Everything you need to know about sentiment analysis accuracy
When potential customers approach us, one of the first questions we’re asked is “How accurate is your sentiment analysis engine?". Well as any good MBA graduate would tell you, the correct answer is “It depends.” That might sound like a cop-out and a way to avoid answering the question, but in fact, it’s the most accurate response one can give.
Let’s see why. Take this sentence:
“It is sunny today."
Positive or negative? Most would perhaps say positive - Repustate would score this as being neutral as no opinion or intent is being stated, merely a fact. For those who would argue that this sentence is positive, let’s tweak this sentence:
“It is sunny today, my crops are getting dried out and will cause me to go bankrupt."
Well, that changes things doesn’t it? Put into a greater context and the polarity (positive or negative sentiment) of a phrase can change dramatically. That’s why it is difficult to achieve 100% accuracy with sentiment.
Let’s take a look at another example. From a review of a horror movie:
“It will make you quake in fear."
Positive or negative? Well, for a horror movie, this is a positive because horror movies are supposed to be scary. But if we were talking about watching a graphic video about torture, then the sentiment is negative. Again, context matters here more than the actual words themselves.
What about when we introduce conjunctions into the mix:
I thought the movie was great, but the popcorn was stale and too salty.
The first part of the sentence is positive, but the second part is negative. So what is the sentiment of this sentence? At Repustate, we would say “It depends.” The sentiment for the movie is positive; the sentiment surrounding the popcorn is negative. The question is: which topic are you interested in analyzing?
There is no one TRUE sentiment engine
As the previous examples have demonstrated, sentiment analysis is tricky and highly contextual. As a result, any benchmarks that companies post have to be taken with a pinch of salt. Repustate’s approach is the following:
- Make our global model as flexible as possible to catch as many cases as possible without being too inconsistent
- Allow customers the ability to load their own custom, domain-specific, definitions via our API (e.g. Make the phrase “quake in fear” positive for movie reviews)

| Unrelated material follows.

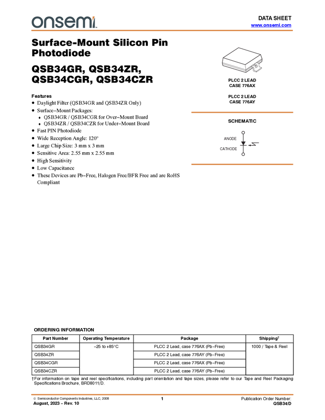 QSB34 Surface Mount Silicon Infrared PIN Photodiode
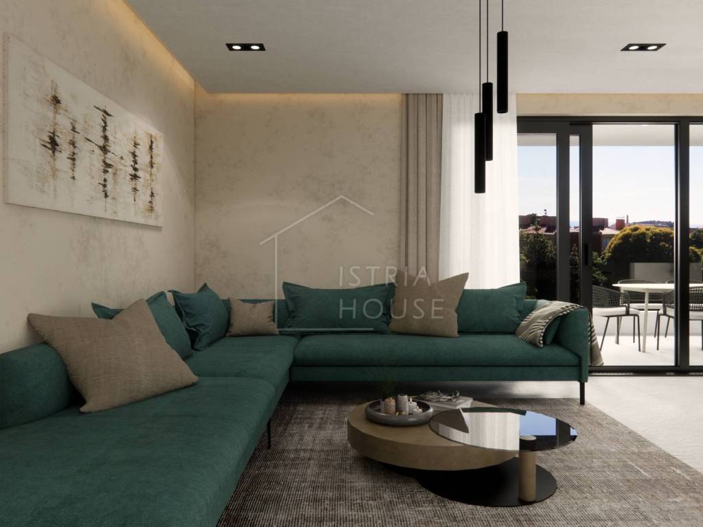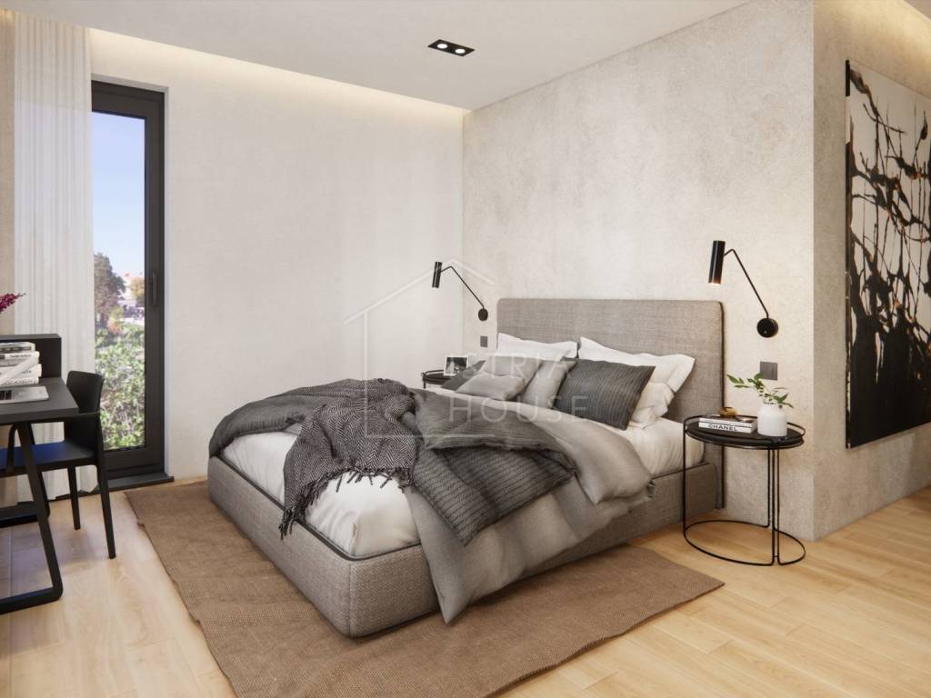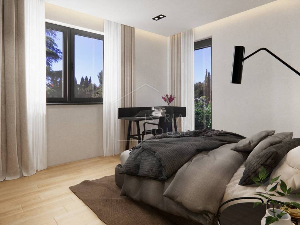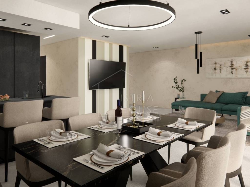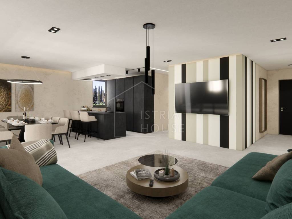 Stan se prodaje nenamješten, osim kupaonice i podova koji će biti kompletno opremljeni. Budući kupac, ukoliko mu se sviđaju slike namještaja korištenog u vizualizaciji, ima mogućnosti da mu se stan opremi identičnim namještajem.

- Allow sentiment to be scored in the context of only one topic, again, via our API
When shopping for sentiment analysis solutions, ask potential vendors about these points. Make sure whichever solution you end up going with can be tailored to your specific domain set because chances are your data has unique attributes and characteristics that might be overlooked or incorrectly accounted for a by a one-size-fits-all sentiment engine.